44. Il potere di entrare in contatto con lo stato di consapevolezza esistente all'esterno dei corpo mentale, e che pertanto è inconcepibile, è chiamato mahavideha. Tramite questo potere si distrugge lo schermo luminoso.
45. Praticando samyama sopra la grossezza, la natura costante, la sottigliezza, l'immanenza e la finalità, si ottiene la padronanza sui panchabhuta, o cinque elementi.
46. Da qui conseguono le altre perfezioni, quali la perfezione del corpo e la rimozione di tutti gli ostacoli.
47. Bellezza, grazia, forza, compattezza adamantina, formano il corpo perfetto.
48. Praticando samyama sul loro potere di percezione degli organi di senso, sulla loro vera natura, sull'egoismo, sull'immanenza e sulle funzioni si ottiene la padronanza sui sensi.
49. Da qui consegue una percezione istantanea, senza l'utilizzo dei corpo, e una completa padronanza sul pradhana, o mondo materiale.


Poi Patanjali afferma:
51. Quando poi si è liberi da attaccamento rispetto a tutti questi poteri, si distrugge il seme che imprigiona. A quel punto segue kaivaiya, o liberazione.
52. Si dovrebbero evitare qualsiasi attaccamento o orgoglio nei confronti del potere delle entità divine che governano i vari livelli esistenziali, poiché questo porterebbe con sé la possibilità di risveglio del male.

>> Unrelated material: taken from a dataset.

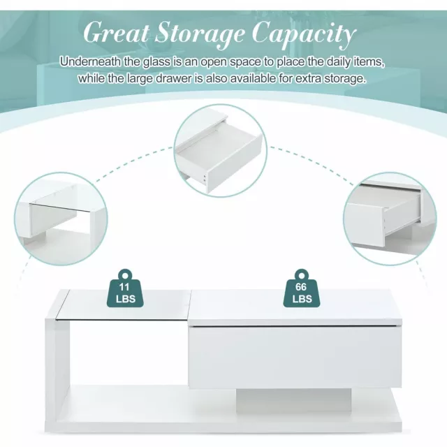• Sturdy Construction: Built with a strong wooden frame and reinforced glass, this coffee table is designed to last. The table top can hold up to 66 lbs, and the glass top has a weight capacity of 11 lbs, making it both reliable and durable.
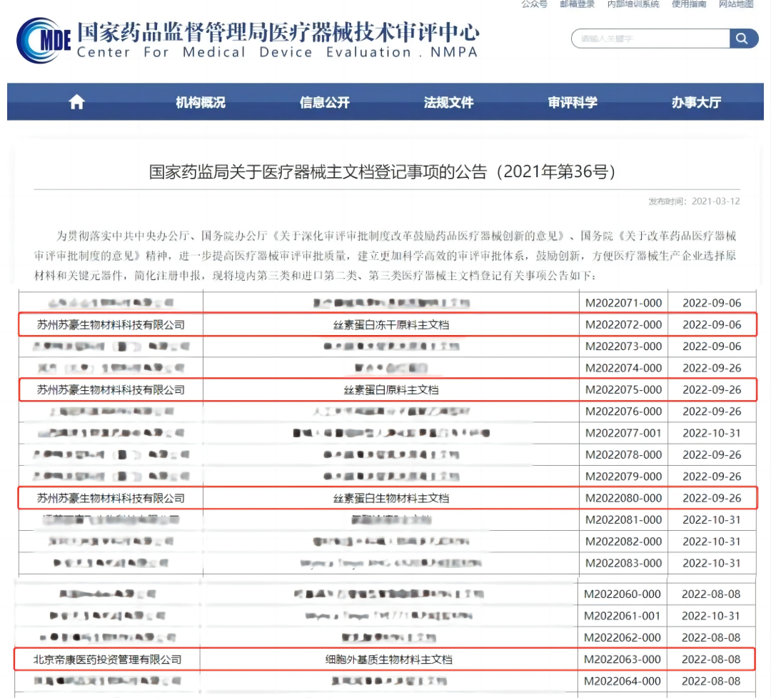 8月,CDMO中心四款醫(yī)療器械原材料通過主文檔登記備案(絲素蛋白凍干原料、絲素蛋白原料、絲素蛋白生物材料、細胞外基質(zhì)生物材料),主文檔備案的通過為醫(yī)藥行業(yè)細胞外基質(zhì)和絲素蛋白產(chǎn)品研發(fā)及生產(chǎn)提供了合法來源的原料,具有里程碑意義。

Riguardo al verso 52,biogna ricordare che nel verso 33 Patanjali afferma:"Praticando samyama sulla luce sotto la corona dei capo, si acquista la capacità di entrare in contatto con tutti gli esseri perfetti."
E' bene notare che non si tratta di "demoni","spiriti maligni" ma di esseri che le scritture indù definiscono deva,"esseri celesti".
Patanjali continua a descrivere altri poteri e non solo:
53. Praticando samyama sul momento presente, sul momento passato e sul momento che verrà, si ottiene la conoscenza nata dalla consapevolezza.
54. Da qui nasce la capacità di distinguere tra oggetti simili che non possono essere indicati da specie, carattere o posizione.
55. La conoscenza superiore nata da tale consapevolezza include la cognizione di tutti gli oggetti, simultaneamente, e opera in qualsiasi direzione, nel passato, nel presente e nel futuro.
56. Si consegue la liberazione allorché esiste una eguale purezza tra il purusha e sattva.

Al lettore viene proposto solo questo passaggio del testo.